#### [Task to complete]
What is printed must match, line for line, the records from their first line through the line containing "दिल्ली में साइकिलिंग", with pictures left out.

#### [Provided records]
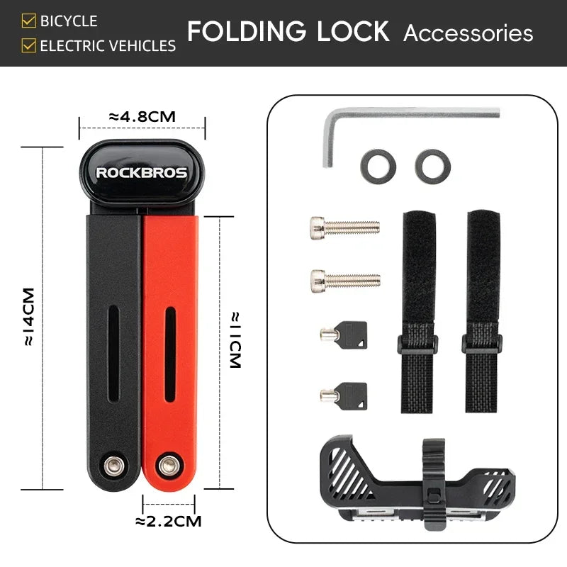 Cadeado Dobrável ROCKBROS – Trava Antifurto com Corrente 120cm para MTB, Estrada e Uso Urbano
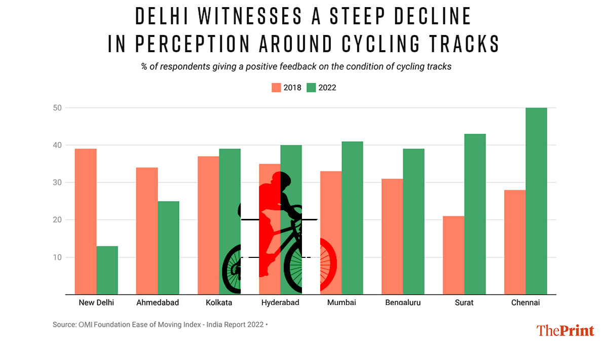 दिल्ली में साइकिलिंग को लेकर सकारात्मक धारणा 2018 में सबसे अधिक थी- लगभग 39 प्रतिशत लोगों ने शहर में साइकिल ट्रैक के लिए सकारात्मक प्रतिक्रिया दी थी. लेकिन 2022 में, केवल 13 प्रतिशत लोग – मेगासिटी में सबसे कम – इसके बारे में सकारात्मक थे.
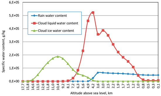 Altitude dependence of specific water content for three cloud substances (rain drops, ice and cloud droplets) is represented in Figure 8. The main water content of the clouds of the study region is located in the liquid-drop phase in the form of cloud droplets. Droplet water content (red curve) is located mainly from 1 to 8 km above sea level and has two maxima in its height distribution. The first mode is located at an altitude of about 3 km, and the second is at 4.5 km. Looking at the rainwater content (blue curve), we can see that it is located in the layer from 0 to 4.9 km, with a maximum at 3.6 km. Apparently, the saddle in the distribution of droplet water content (red curve) between its two maxima is associated with the formation of raindrops by coagulation of large cloud droplets. For this reason, liquid water content here decreases, while rainwater content increases. This generally indicates that the warm mechanism of precipitation formation probably prevails in the region under study. However, these heights are quite close to the 0 C isotherm.
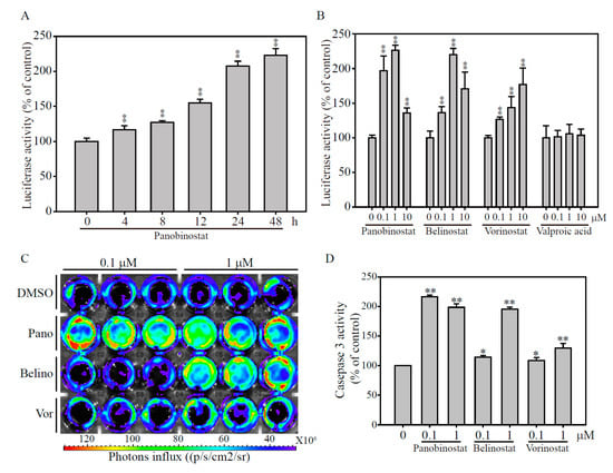 HDACi-induced apoptosis through NIADS assay. (A) A time-dependent manner (from 4 to 48 h) of Panobinostat treatment on NIADS-MDA-MB-231 cells. The cells received 1 μM of Panobinostat and their luciferase activity was measured. (B) Dose-dependent manner (from 0.1 to 10 μM) of HDACi treatments on NIADS-MDA-MB-231 cells. The cells received HDACi for 24 h tand heir luciferase activity was measured. NIADS-MDA-MB-231 cells treated with DMSO or HDACi from 0.1 and 1 μM for 24 h were detected with their luciferase activity (present by photos influx). (C) The IVIS image clearly shows that the luciferase activity is predominantly higher in Panobinostat and 1 μM of Belinostat treatments. (D) The photo influx calculation from the IVIS image was demonstrated. Data are presented as the mean and standard error. Data were analyzed with Student’s t-test; all p-values were two-sided. p-values less than 0.05 are indicated with an asterisk, less than 0.01 is presented with two asterisks.
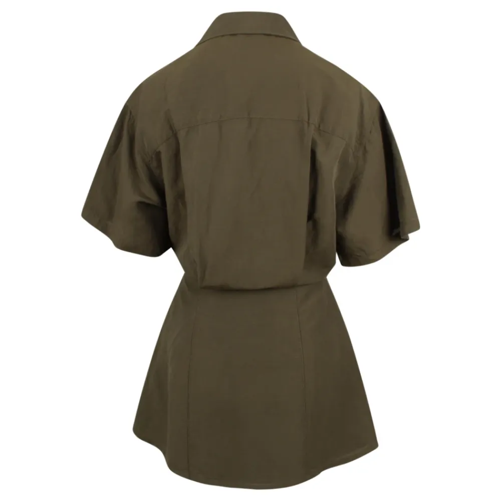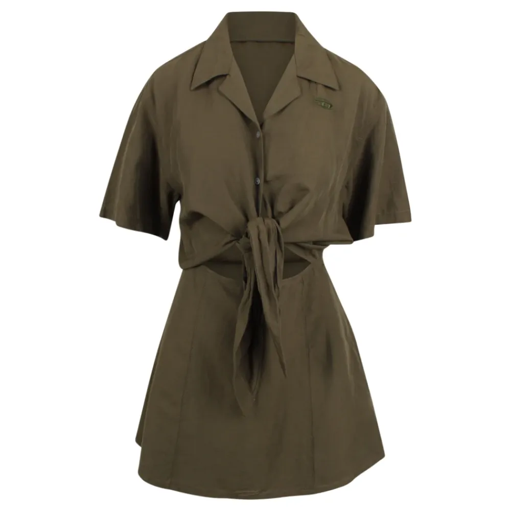 Diesel’s D-STALL Mini Kjole er en skjortekjole i linnedblanding med en knudedetalje i taljen, designet til let brug fra dag til nat. Skjortekraven og den knudeforreste silhuet tilføjer et feminint touch, samtidig med at den bevarer en nem, brugbar form. Vigtige egenskaber: Grøn | Linnedblanding | Let | Åndbart stof | Knaplukning foran | Usynlig lynlås i siden | Taljeknude for justerbar pasform | Skjortekrave | Brede, korte ærmer | Udskåret talje med knudedetalje | Udskåret miniskørt | Ovalt D-logo på brystet | Knapper med perlemorseffekt | Dimensioner og pasform: Almindelig pasform | Justerbar taljeknude | Sammensætning og pleje: 49% Modal | 26% Viskose-Rayon | 25% Linned

#### [Exercise solution]
 Cadeado Dobrável ROCKBROS – Trava Antifurto com Corrente 120cm para MTB, Estrada e Uso Urbano
 दिल्ली में साइकिलिंग को लेकर सकारात्मक धारणा 2018 में सबसे अधिक थी- लगभग 39 प्रतिशत लोगों ने शहर में साइकिल ट्रैक के लिए सकारात्मक प्रतिक्रिया दी थी. लेकिन 2022 में, केवल 13 प्रतिशत लोग – मेगासिटी में सबसे कम – इसके बारे में सकारात्मक थे.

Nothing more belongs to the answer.